COLLECTED MATERIAL
»»

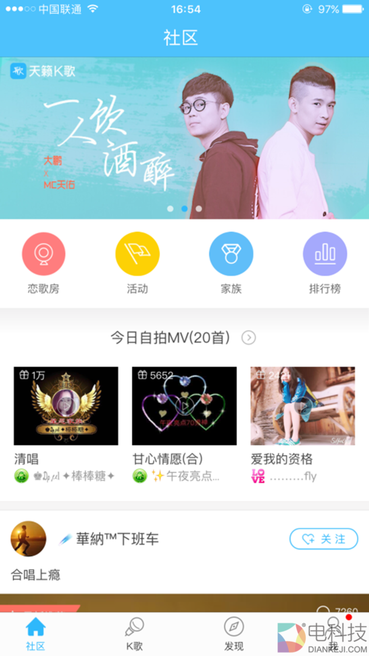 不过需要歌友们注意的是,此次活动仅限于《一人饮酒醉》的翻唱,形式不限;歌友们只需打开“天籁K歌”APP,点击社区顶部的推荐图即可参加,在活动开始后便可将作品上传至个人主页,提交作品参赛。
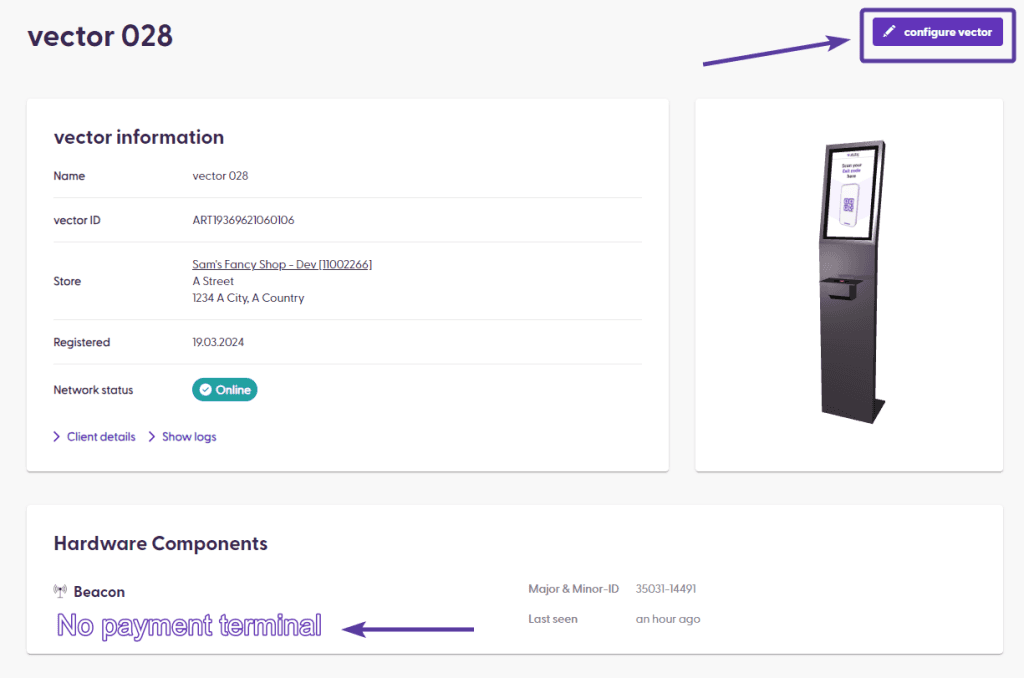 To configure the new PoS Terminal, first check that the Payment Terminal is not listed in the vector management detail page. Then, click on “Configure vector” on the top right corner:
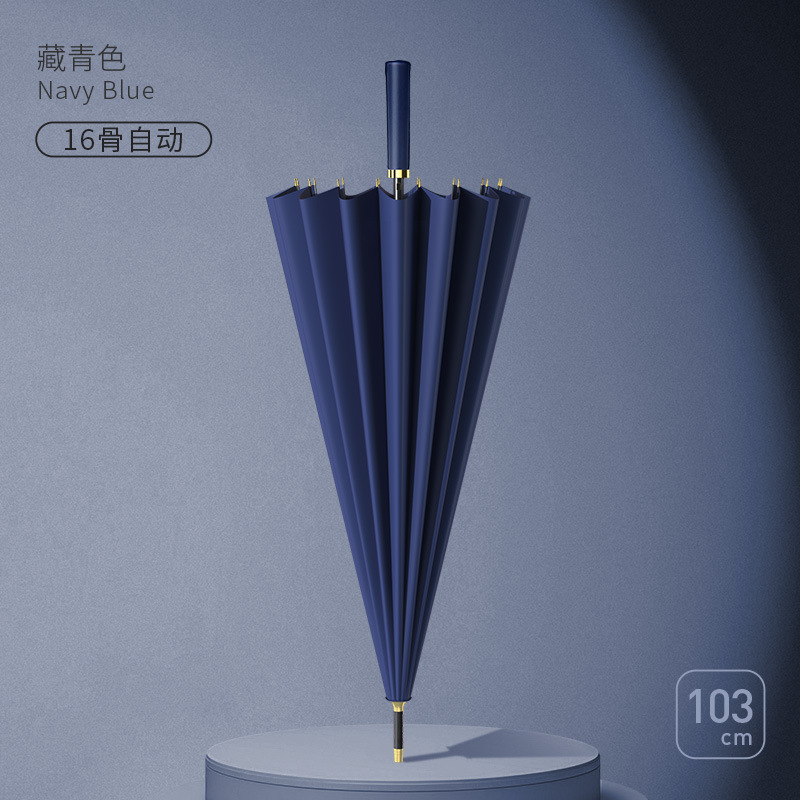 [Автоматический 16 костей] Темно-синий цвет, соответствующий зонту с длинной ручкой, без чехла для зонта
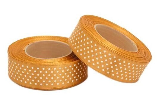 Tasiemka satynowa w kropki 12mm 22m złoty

««

ABOUT THIS EXERCISE
Here the job is to quote the lines from the one with "[Автоматический 16 костей]" through the end of the material, both included, exactly; please skip the pictures.

WORKED SOLUTION
 [Автоматический 16 костей] Темно-синий цвет, соответствующий зонту с длинной ручкой, без чехла для зонта
 Tasiemka satynowa w kropki 12mm 22m złoty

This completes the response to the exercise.